DATA EXTRACT -
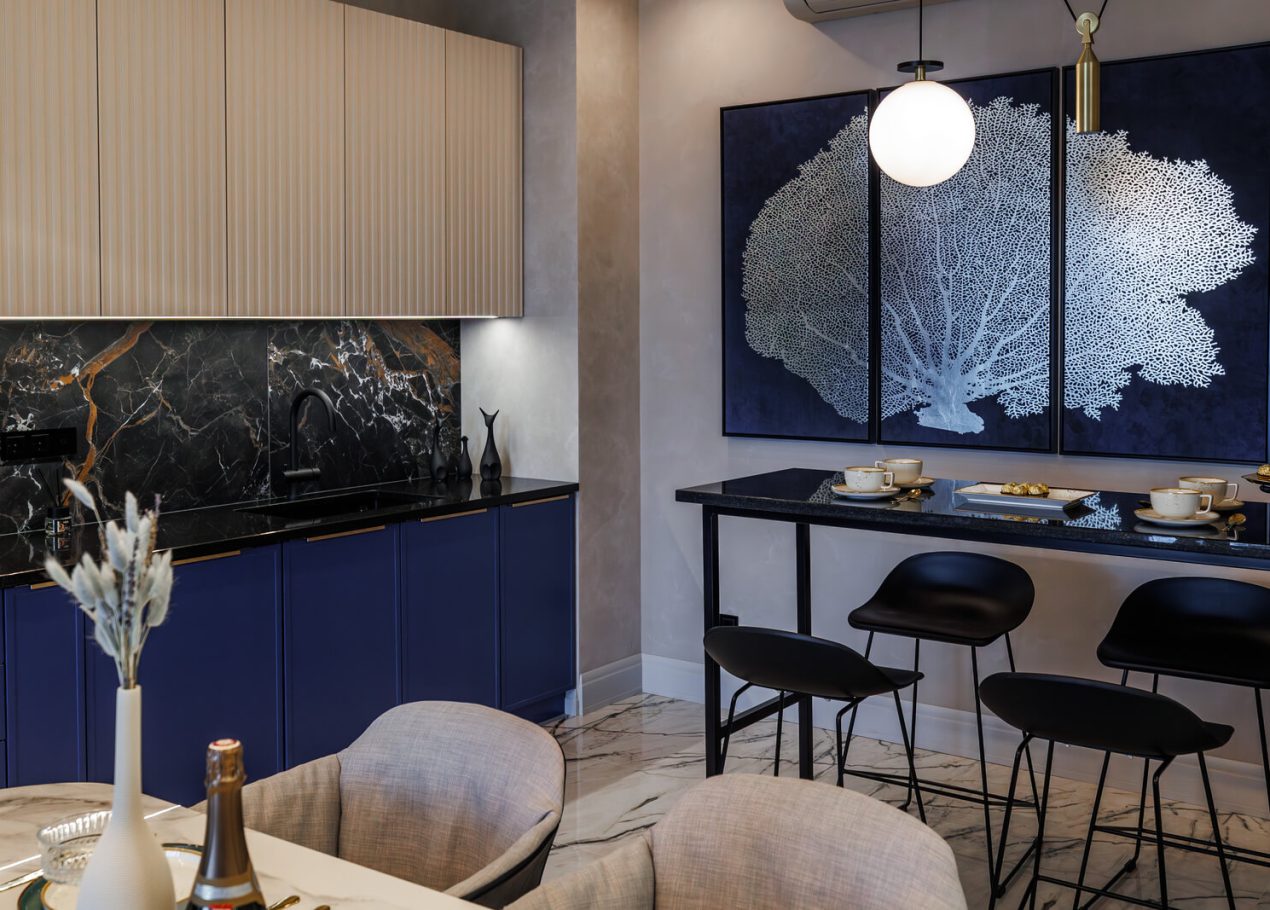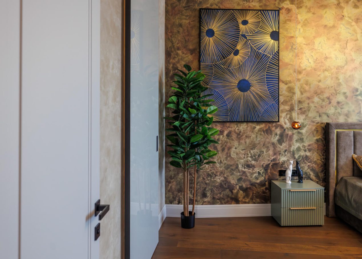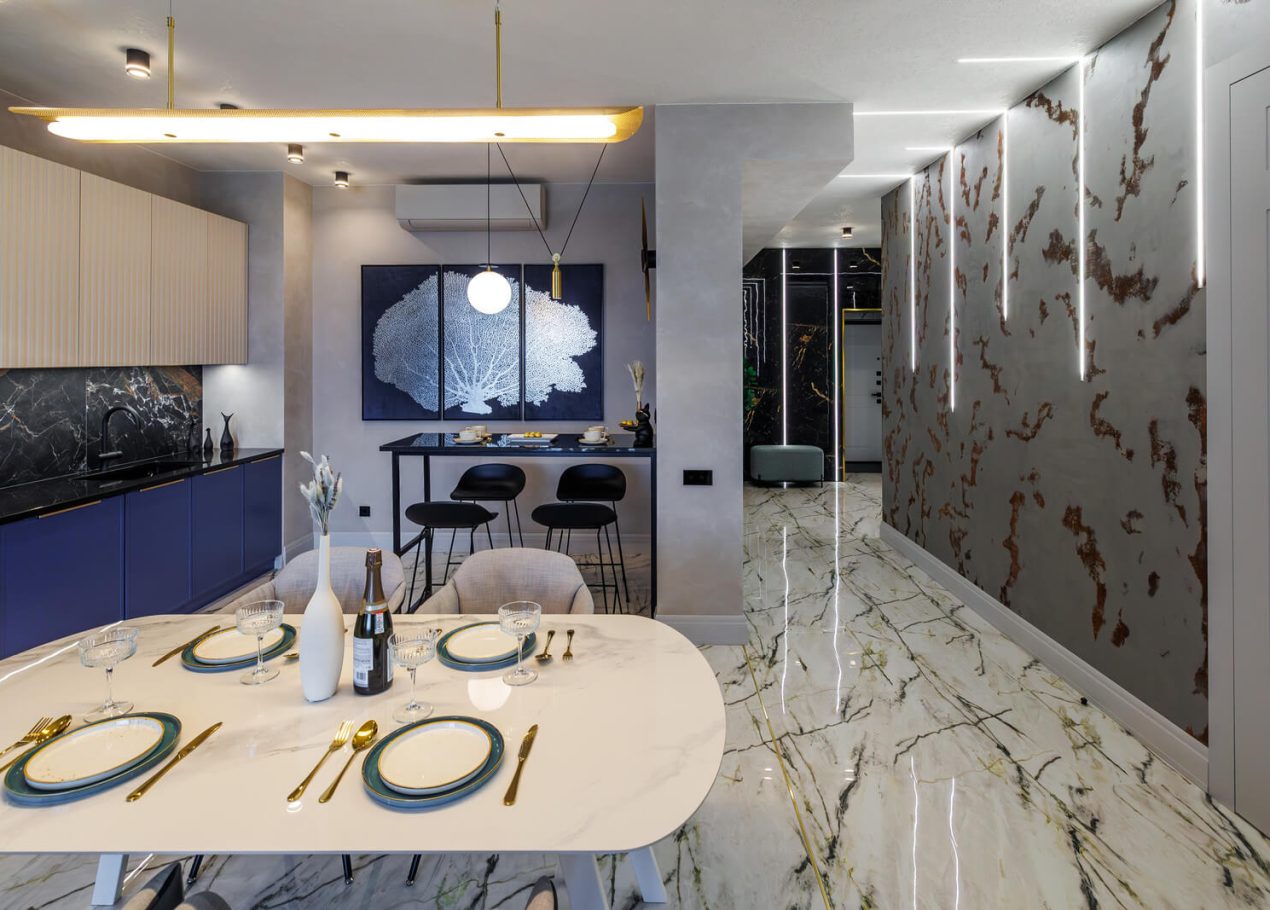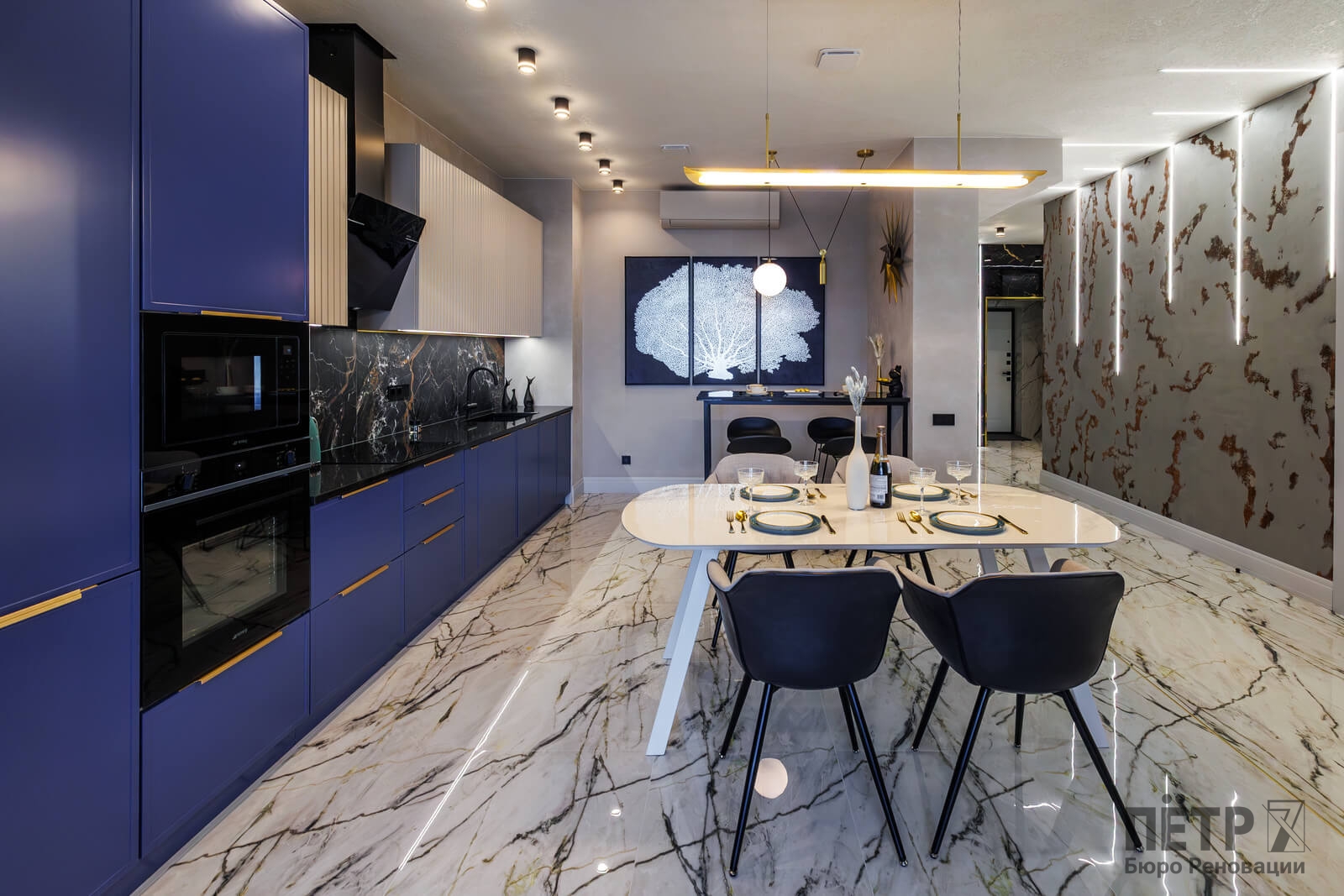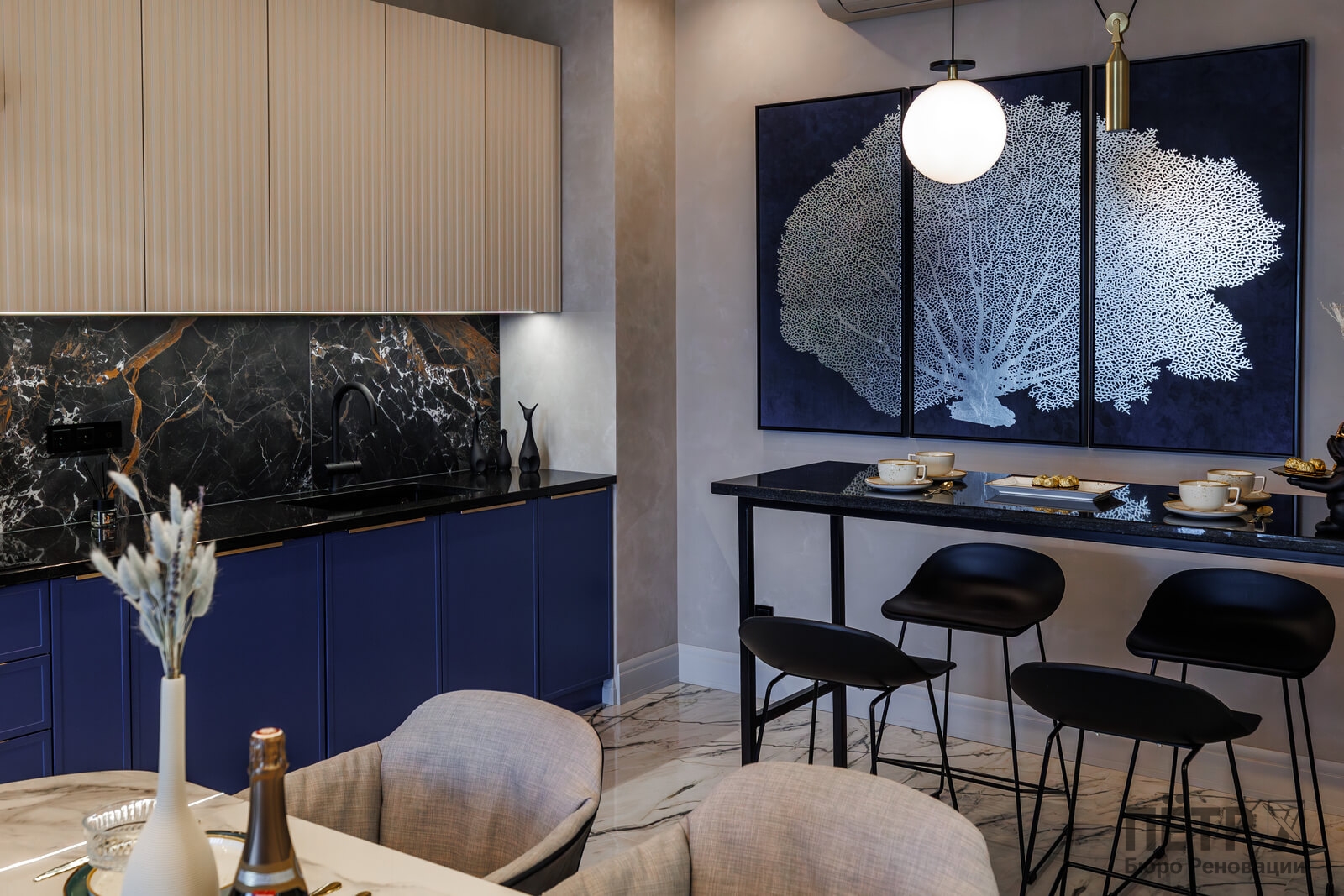Проект реализован в небоскрёбе ЖК «Лазурные небеса» в Казани на 31 этаже с панорамным видом на город. Квартира площадью 130 м² была куплена по выгодной цене за квадратный метр в период, когда условия по ипотеке ещё были максимально комфортными, что позволило оптимизировать инвестиции в проект.
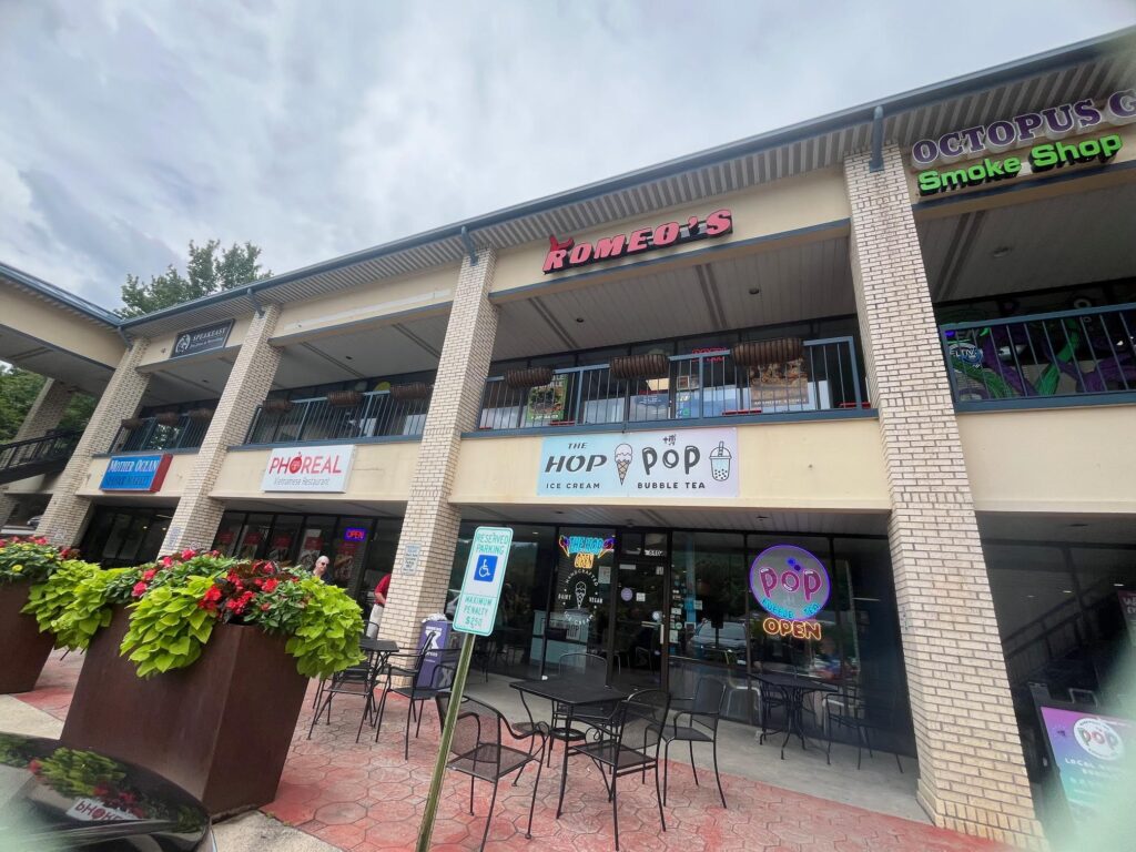 Pop Bubble Tea Café adds an equally fun and flavorful twist, serving a variety of bubble tea drinks, from traditional milk teas to fruit-forward creations with tapioca pearls or popping boba. The vibrant colors and customizable options make every visit feel like a treat tailored to your taste. The shared space is open and inviting, with comfortable seating, bright decor, and a laid-back vibe that encourages lingering over your drink or dessert. Whether you’re stopping in for a cone, a cup of bubble tea, or both, this dual destination offers a playful and satisfying pause in the heart of Merrimon Avenue.
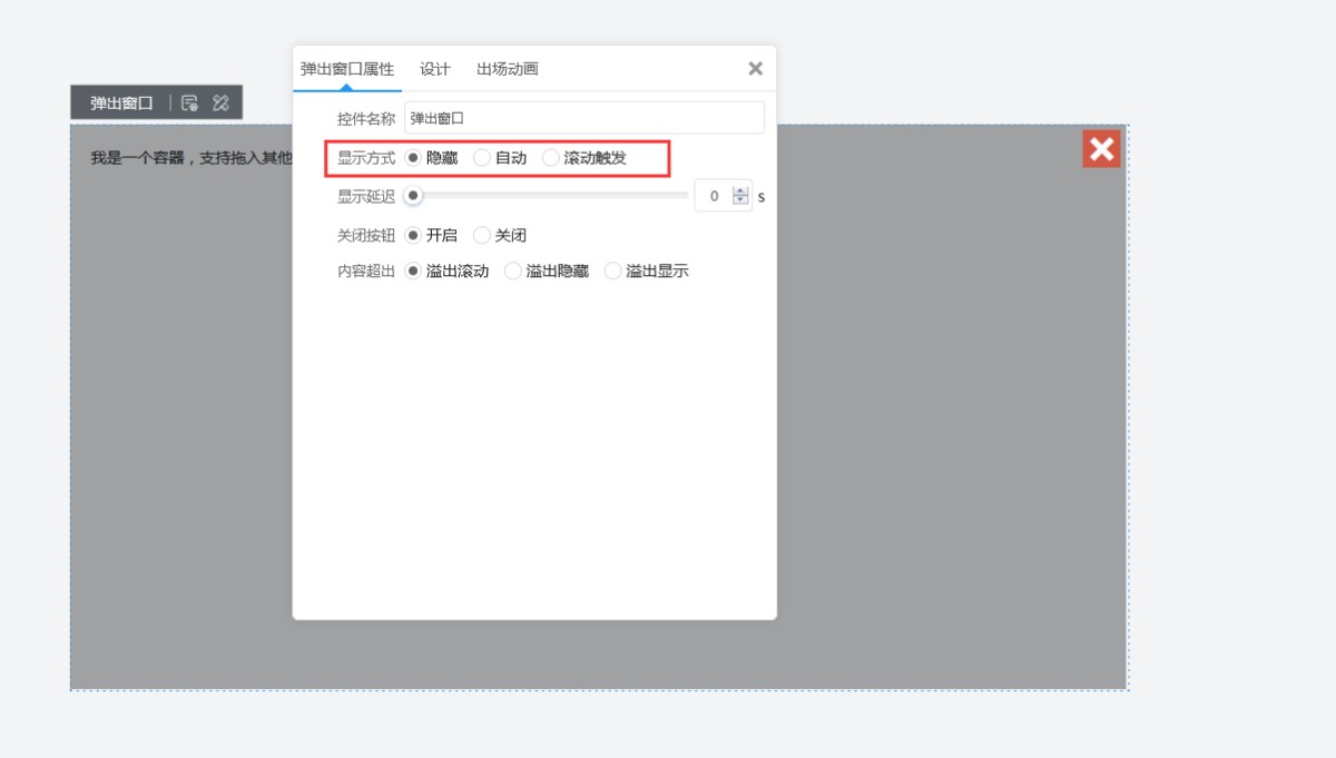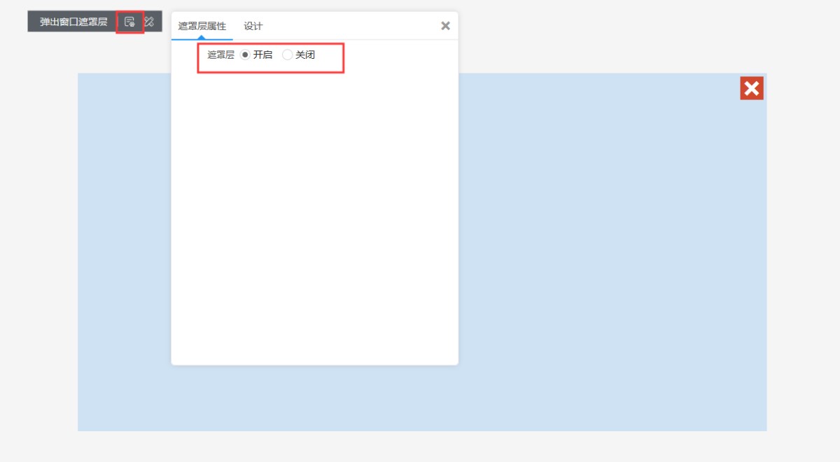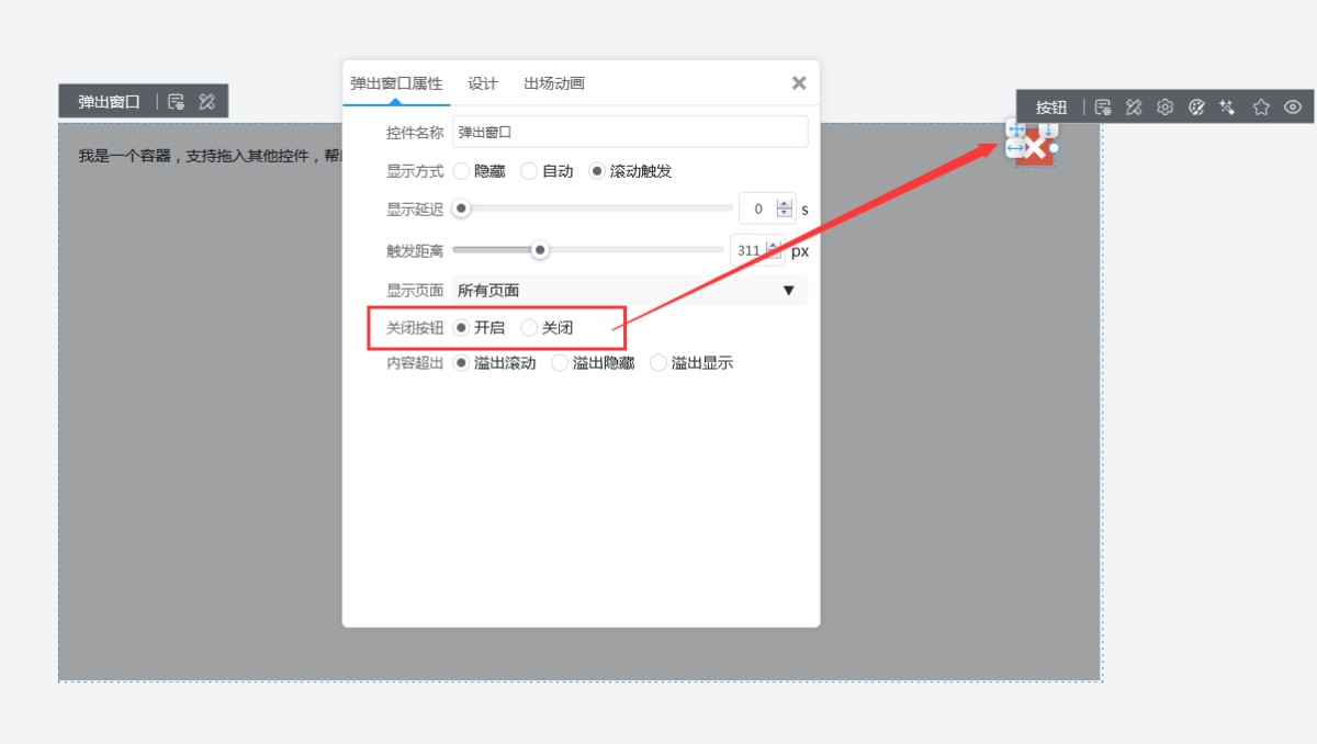5,弹出窗口自带关闭按钮,可以设置是否显示。选择开启后,在弹出窗口的右上角会显示关闭按钮,点击按钮会显示按钮属性,可以设置按钮的样式。

REQUIRED ACTION - Whenever images occur above, omit them and retype each line exactly as it stands.

OUTPUT -
Проект реализован в небоскрёбе ЖК «Лазурные небеса» в Казани на 31 этаже с панорамным видом на город. Квартира площадью 130 м² была куплена по выгодной цене за квадратный метр в период, когда условия по ипотеке ещё были максимально комфортными, что позволило оптимизировать инвестиции в проект.
 Pop Bubble Tea Café adds an equally fun and flavorful twist, serving a variety of bubble tea drinks, from traditional milk teas to fruit-forward creations with tapioca pearls or popping boba. The vibrant colors and customizable options make every visit feel like a treat tailored to your taste. The shared space is open and inviting, with comfortable seating, bright decor, and a laid-back vibe that encourages lingering over your drink or dessert. Whether you’re stopping in for a cone, a cup of bubble tea, or both, this dual destination offers a playful and satisfying pause in the heart of Merrimon Avenue.
5,弹出窗口自带关闭按钮,可以设置是否显示。选择开启后,在弹出窗口的右上角会显示关闭按钮,点击按钮会显示按钮属性,可以设置按钮的样式。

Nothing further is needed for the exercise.